- Work to be completed
Please print exactly the lines below, from the start of the material up to and including the line with "استقطب وفد معرض", but none of the pictures.
★ ★ ★
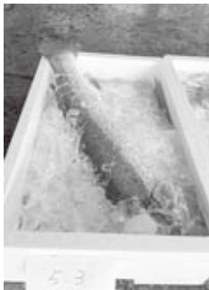
▲特大サイズのサーモン

今年も、男鹿の清らかな海で大規模な水揚げが実現しました。今年も水揚げが順調で、大ぶりのサーモンもたくさんありました。今年も水揚げが順調で、大ぶりのサーモンもたくさんありました。 今年も水揚げが順調で、大ぶりのサーモンもたくさんありました。
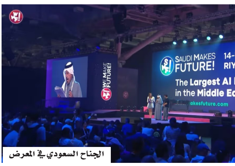
الجنحة السعودي في المعرض

استقطب وفد معرض «السعودية تصنع المستقبل» خلال مشاركته في معرض We Make Future (WMF) بإيطاليا، أكثر من 250 شركة عالمية وأوروبية للمشاركة في معرض الرياض المقرر إقامته خلال ديسمبر المقبل، بحسب بيان. وبعكس ذلك تنامي الاهتمام الدولي بالفرص الاستثمارية والتقنية التي تتيحها السعودية في قطاعات الذكاء الاصطناعي والإبتكار الرقمي والتقنيات المستقبلية. وعقد الوفد سلسلة من اللقاءات مع
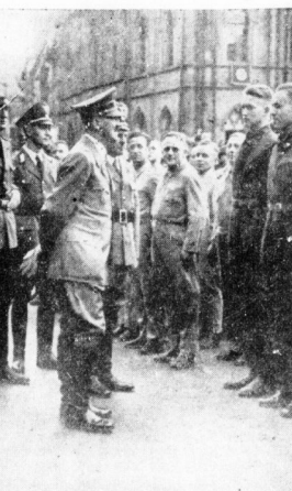
Der Führer mit den Lehrlingen der Wilhelm-Gustloff-Stiftung.
★ ★ ★
- Task output
▲特大サイズのサーモン

今年も、男鹿の清らかな海で大規模な水揚げが実現しました。今年も水揚げが順調で、大ぶりのサーモンもたくさんありました。今年も水揚げが順調で、大ぶりのサーモンもたくさんありました。 今年も水揚げが順調で、大ぶりのサーモンもたくさんありました。
الجنحة السعودي في المعرض

استقطب وفد معرض «السعودية تصنع المستقبل» خلال مشاركته في معرض We Make Future (WMF) بإيطاليا، أكثر من 250 شركة عالمية وأوروبية للمشاركة في معرض الرياض المقرر إقامته خلال ديسمبر المقبل، بحسب بيان. وبعكس ذلك تنامي الاهتمام الدولي بالفرص الاستثمارية والتقنية التي تتيحها السعودية في قطاعات الذكاء الاصطناعي والإبتكار الرقمي والتقنيات المستقبلية. وعقد الوفد سلسلة من اللقاءات مع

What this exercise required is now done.